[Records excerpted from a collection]
•••••

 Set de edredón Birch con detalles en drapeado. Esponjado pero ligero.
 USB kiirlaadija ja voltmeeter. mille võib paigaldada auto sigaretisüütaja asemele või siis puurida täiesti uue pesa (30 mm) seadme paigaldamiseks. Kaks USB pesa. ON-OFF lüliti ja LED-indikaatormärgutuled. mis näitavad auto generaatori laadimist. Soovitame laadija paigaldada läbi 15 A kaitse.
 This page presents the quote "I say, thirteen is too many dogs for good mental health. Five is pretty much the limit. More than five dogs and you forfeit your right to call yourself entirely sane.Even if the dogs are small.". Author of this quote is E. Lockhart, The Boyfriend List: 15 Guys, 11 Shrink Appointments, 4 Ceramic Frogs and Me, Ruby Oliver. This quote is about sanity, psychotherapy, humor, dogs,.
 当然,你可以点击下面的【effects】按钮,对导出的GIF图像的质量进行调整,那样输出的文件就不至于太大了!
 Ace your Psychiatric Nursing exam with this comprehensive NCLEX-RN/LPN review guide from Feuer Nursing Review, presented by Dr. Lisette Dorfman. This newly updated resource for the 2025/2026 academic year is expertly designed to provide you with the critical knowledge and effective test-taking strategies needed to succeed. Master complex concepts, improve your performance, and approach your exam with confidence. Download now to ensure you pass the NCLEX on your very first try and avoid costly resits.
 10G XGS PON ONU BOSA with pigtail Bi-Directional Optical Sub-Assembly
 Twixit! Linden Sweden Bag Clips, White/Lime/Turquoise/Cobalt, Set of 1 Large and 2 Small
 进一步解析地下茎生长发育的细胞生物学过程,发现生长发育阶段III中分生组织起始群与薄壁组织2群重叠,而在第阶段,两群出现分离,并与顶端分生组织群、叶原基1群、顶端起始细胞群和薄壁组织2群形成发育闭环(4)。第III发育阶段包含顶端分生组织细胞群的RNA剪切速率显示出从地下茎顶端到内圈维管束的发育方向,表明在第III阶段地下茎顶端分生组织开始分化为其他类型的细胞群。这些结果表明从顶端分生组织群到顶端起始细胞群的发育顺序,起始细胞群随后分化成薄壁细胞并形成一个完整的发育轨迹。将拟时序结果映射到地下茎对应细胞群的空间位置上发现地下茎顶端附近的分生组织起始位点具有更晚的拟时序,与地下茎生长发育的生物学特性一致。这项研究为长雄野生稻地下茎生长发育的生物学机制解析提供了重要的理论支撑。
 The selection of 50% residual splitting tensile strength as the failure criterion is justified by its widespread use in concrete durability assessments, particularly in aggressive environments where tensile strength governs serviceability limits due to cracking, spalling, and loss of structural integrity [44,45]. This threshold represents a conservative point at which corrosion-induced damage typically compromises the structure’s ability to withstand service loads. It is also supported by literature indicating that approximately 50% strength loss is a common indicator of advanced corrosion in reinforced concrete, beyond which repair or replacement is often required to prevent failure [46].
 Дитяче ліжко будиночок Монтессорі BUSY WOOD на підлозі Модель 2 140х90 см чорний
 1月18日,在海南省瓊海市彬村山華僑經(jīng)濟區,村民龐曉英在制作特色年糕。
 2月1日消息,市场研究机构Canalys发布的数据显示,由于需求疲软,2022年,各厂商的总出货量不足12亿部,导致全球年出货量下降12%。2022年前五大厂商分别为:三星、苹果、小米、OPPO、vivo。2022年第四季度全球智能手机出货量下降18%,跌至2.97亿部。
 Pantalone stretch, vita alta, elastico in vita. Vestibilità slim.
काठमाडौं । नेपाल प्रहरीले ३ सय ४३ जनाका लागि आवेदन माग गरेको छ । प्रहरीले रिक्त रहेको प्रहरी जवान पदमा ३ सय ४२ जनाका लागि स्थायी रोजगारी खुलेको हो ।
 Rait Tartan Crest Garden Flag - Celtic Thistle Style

•••••

* **Exercise directions**
The entries above should be set down again exactly as they appear.

* **Your solution**
 Set de edredón Birch con detalles en drapeado. Esponjado pero ligero.
 USB kiirlaadija ja voltmeeter. mille võib paigaldada auto sigaretisüütaja asemele või siis puurida täiesti uue pesa (30 mm) seadme paigaldamiseks. Kaks USB pesa. ON-OFF lüliti ja LED-indikaatormärgutuled. mis näitavad auto generaatori laadimist. Soovitame laadija paigaldada läbi 15 A kaitse.
 This page presents the quote "I say, thirteen is too many dogs for good mental health. Five is pretty much the limit. More than five dogs and you forfeit your right to call yourself entirely sane.Even if the dogs are small.". Author of this quote is E. Lockhart, The Boyfriend List: 15 Guys, 11 Shrink Appointments, 4 Ceramic Frogs and Me, Ruby Oliver. This quote is about sanity, psychotherapy, humor, dogs,.
 当然,你可以点击下面的【effects】按钮,对导出的GIF图像的质量进行调整,那样输出的文件就不至于太大了!
 Ace your Psychiatric Nursing exam with this comprehensive NCLEX-RN/LPN review guide from Feuer Nursing Review, presented by Dr. Lisette Dorfman. This newly updated resource for the 2025/2026 academic year is expertly designed to provide you with the critical knowledge and effective test-taking strategies needed to succeed. Master complex concepts, improve your performance, and approach your exam with confidence. Download now to ensure you pass the NCLEX on your very first try and avoid costly resits.
 10G XGS PON ONU BOSA with pigtail Bi-Directional Optical Sub-Assembly
 Twixit! Linden Sweden Bag Clips, White/Lime/Turquoise/Cobalt, Set of 1 Large and 2 Small
 进一步解析地下茎生长发育的细胞生物学过程,发现生长发育阶段III中分生组织起始群与薄壁组织2群重叠,而在第阶段,两群出现分离,并与顶端分生组织群、叶原基1群、顶端起始细胞群和薄壁组织2群形成发育闭环(4)。第III发育阶段包含顶端分生组织细胞群的RNA剪切速率显示出从地下茎顶端到内圈维管束的发育方向,表明在第III阶段地下茎顶端分生组织开始分化为其他类型的细胞群。这些结果表明从顶端分生组织群到顶端起始细胞群的发育顺序,起始细胞群随后分化成薄壁细胞并形成一个完整的发育轨迹。将拟时序结果映射到地下茎对应细胞群的空间位置上发现地下茎顶端附近的分生组织起始位点具有更晚的拟时序,与地下茎生长发育的生物学特性一致。这项研究为长雄野生稻地下茎生长发育的生物学机制解析提供了重要的理论支撑。
 The selection of 50% residual splitting tensile strength as the failure criterion is justified by its widespread use in concrete durability assessments, particularly in aggressive environments where tensile strength governs serviceability limits due to cracking, spalling, and loss of structural integrity [44,45]. This threshold represents a conservative point at which corrosion-induced damage typically compromises the structure’s ability to withstand service loads. It is also supported by literature indicating that approximately 50% strength loss is a common indicator of advanced corrosion in reinforced concrete, beyond which repair or replacement is often required to prevent failure [46].
 Дитяче ліжко будиночок Монтессорі BUSY WOOD на підлозі Модель 2 140х90 см чорний
 1月18日,在海南省瓊海市彬村山華僑經(jīng)濟區,村民龐曉英在制作特色年糕。
 2月1日消息,市场研究机构Canalys发布的数据显示,由于需求疲软,2022年,各厂商的总出货量不足12亿部,导致全球年出货量下降12%。2022年前五大厂商分别为:三星、苹果、小米、OPPO、vivo。2022年第四季度全球智能手机出货量下降18%,跌至2.97亿部。
 Pantalone stretch, vita alta, elastico in vita. Vestibilità slim.
काठमाडौं । नेपाल प्रहरीले ३ सय ४३ जनाका लागि आवेदन माग गरेको छ । प्रहरीले रिक्त रहेको प्रहरी जवान पदमा ३ सय ४२ जनाका लागि स्थायी रोजगारी खुलेको हो ।
 Rait Tartan Crest Garden Flag - Celtic Thistle Style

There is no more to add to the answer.